Giving Love Dolls Some Thought

The road to discovering the world of sex or love dolls and possibly entering the world myself has most certainly been an interesting one. There are many factors that have led me to this point, for better or worse. Before I delve into the backstory, I want to stress that I have no regrets about anything.

So, I have been single 2012 after being engaged to a lady for quite some time. It was a pretty destructive relationship in which I ended ended up putting up with a bit of abuse. She would do things like lie about being pregnant or having an STD. One of these “jokes” actually came to pass. She somehow developed a case of Chlamydia half a year into our relationship and almost gave it me. She had to have got it from somebody else because I was perfectly healthy before we met and I had not been with anything for a year beforehand.

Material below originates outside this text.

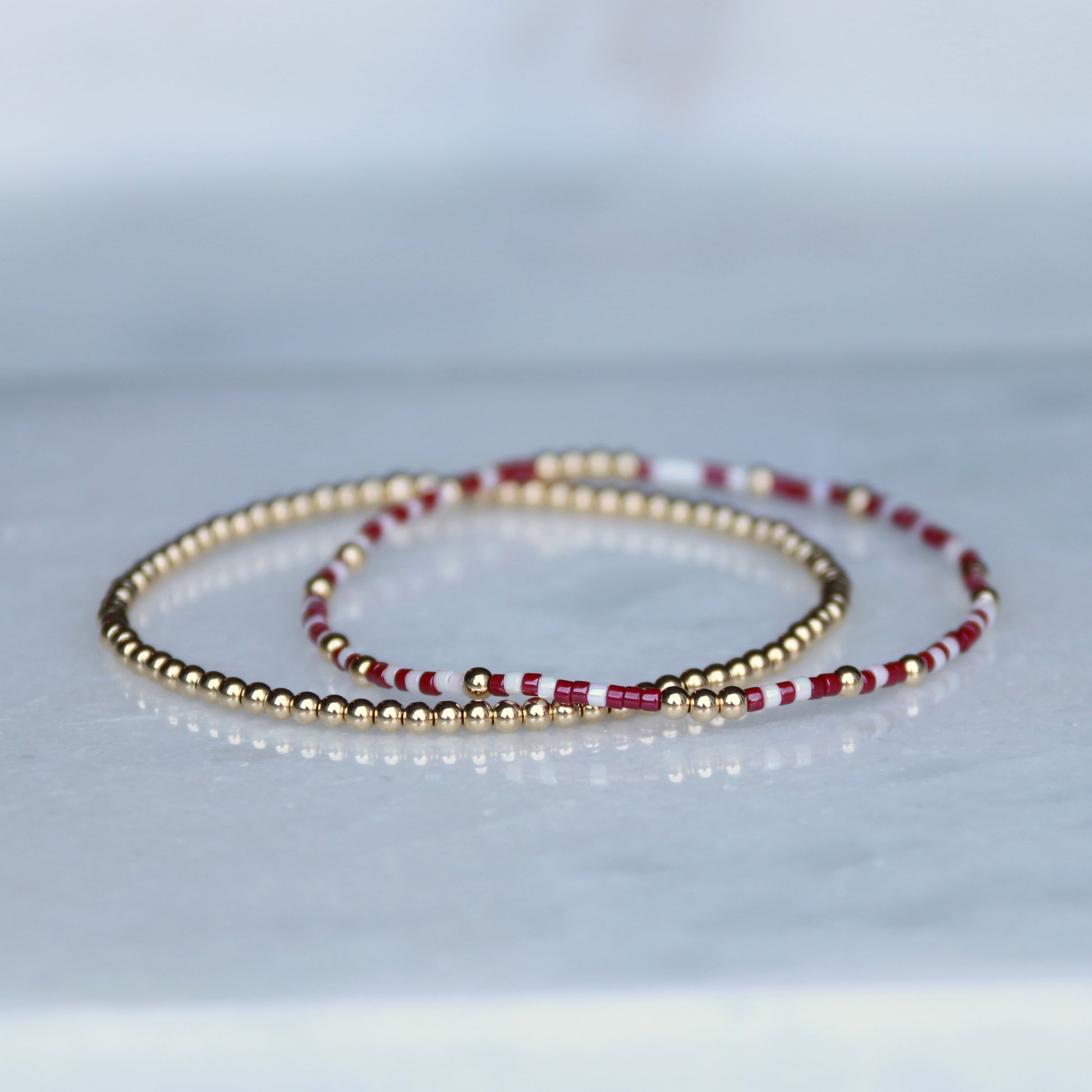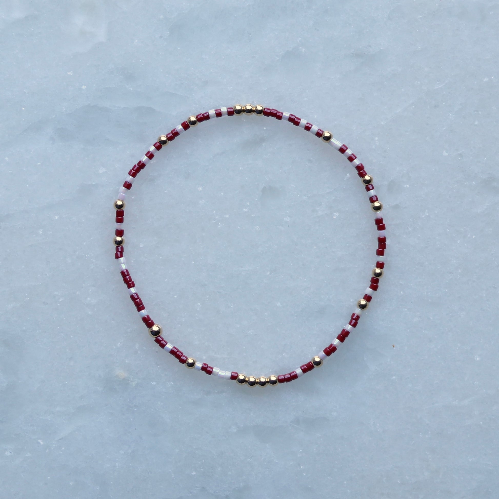Whether you’re cheering on game day, repping your alma mater, or just love the bold look of red and white, this bracelet is a classic way to show your pride.

As foolish as it may seem, I put up with this because of my desire to marry and settle down. Despite the STD scare, the sex I had with her was incredible and we would have sex at least once a day. Sexually speaking there was something great there, but dealing the bad was not worth that. She ended up leaving me, but not before cheating on me for the last two months of our relationship first. I was very depressed about it for a couple of years and I found it very difficult to move on.

I had a couple brief sexual relationships with a couple of women and hoped that I could forget about it. Both ladies, one being a writer and poet and the other being in the service industry, were fun to be around and we had a few great sexual experiences. However, they did not last long because I couldn’t completely move on. So, I decided to go it alone until I can bring myself to trust and share myself with another woman.

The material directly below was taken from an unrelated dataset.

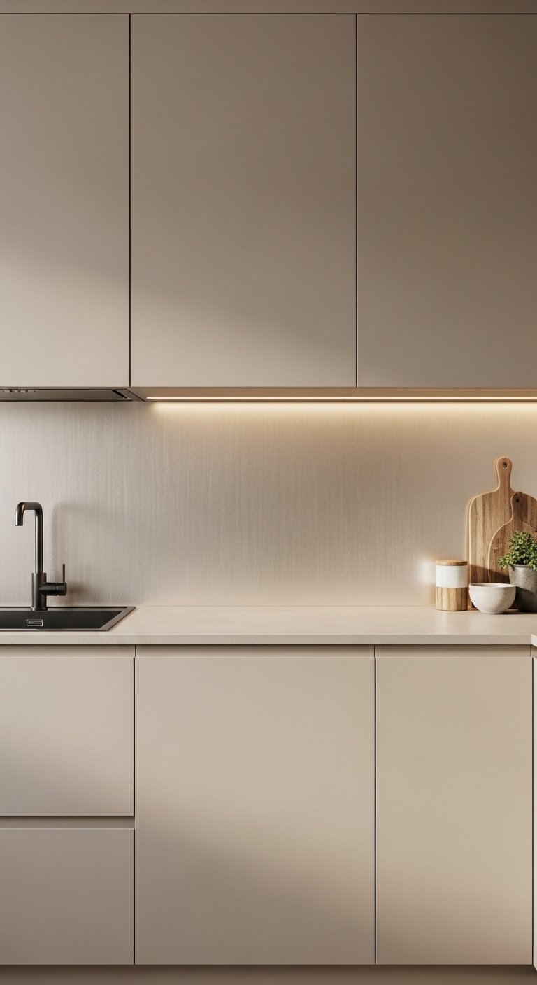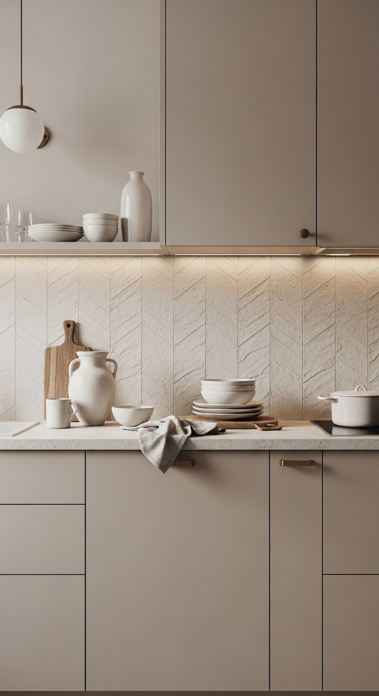 18. Beige Kitchen with Subtle Metallic Backsplash

One of big areas of contention between my ex and myself had to do with my career paths along with my work ethic and dedication to my work. She would often complain about me never being home, which was simply untrue. At the same time, she was living with me and expect me to provide for the two of us while I was attending college and work two jobs at the same time. She obviously wanted to have hr cake and eat it too. My work addiction is a real thing nowadays with me being a blue collar fellow who writes freelance and works in the service industry. This has left me with little to no time to seek out and find a significant other.

After not being sexually active for a while, I found that stress and depression tended to get to me a much easier than in the past. I eventually discovered that some sort of release was necessary. That’s when I ended up finding a really useful sex toy for masterbating with that feels like actual sex. It’s called the Soloflesh and it is a male masterbator toy made entirely of silicone and you fill it with warm water and apply lubricant to the orifice before using. It is a nice little device that has help keep me up to scratch sexually.

soloflesh-ebony-variant
Interestingly enough, the Soloflesh male masterbator is no longer being sold and the main website no longer exists.

I ended up purchasing the “ebony” variant because of my preference for dark-skinned women. It has served me very well for the last couple of years. However, it eventually dawned on me that what I longed for was a sense of female companionship. This all came to a head in mid 2015 when I stumbled on a YouTube video in late June that was a love doll documentary called “Love Me, Love My Doll – Real Stories.”

It was a shocking and eye-opening experience for me and I think I watched it once a day for an entire fortnight straight. Not to bother you with a lengthy review (I’ll save that for another time), but it focuses on a few men who have a love doll or multiple love dolls for their own reasons. One man has a doll as a romantic companion, another has a few for that reason and also uses them for photography, another is more interested in the more sexual aspects of it and the last has developed a hobby out of collecting them like one would collect stamps. The documentary also looks at the workshops that create these love dolls, but the men’s stories are far more interesting because they cover possibly all the reasons why a man could ever contemplate owning a doll of his own.

While it’s an interesting watch, it does sort of unjustly paints all the doll owners in a negative and pitiful light. It didn’t seem right because all but one of the owners seemed to be normal individuals aside from owning a love doll. Regardless, watching this documentary made me start entertaining the idea of buying a love doll of my own. I started doing some research on Google for online shops and also looked at some pictures on Google Images. It was unbelievable to see that this was, in fact, a fairly sizeable business if not its own full blown industry. It was also surprising to see just how detailed and beautiful all the various types of doll are. Some of the doll being listed were quite arousing. Something that I did expect was how pricey they could get depending on their size.

real-doll-tanya
Just an example of just how beautiful these dolls can get.

Because of the fact that I could possibly have a female companion, albeit an artificial one, without worrying about fake pregnancy scares and catching STDs was and still is an attractive notion. With me doing nothing but working and living well within my means, I knew that it would be theoretically possible to afford a love doll for myself. I had given this idea a great deal of thought and decided to bide my time and remain hard at work so I could someday have the extra funds to make the big step. My mind was and still is made up.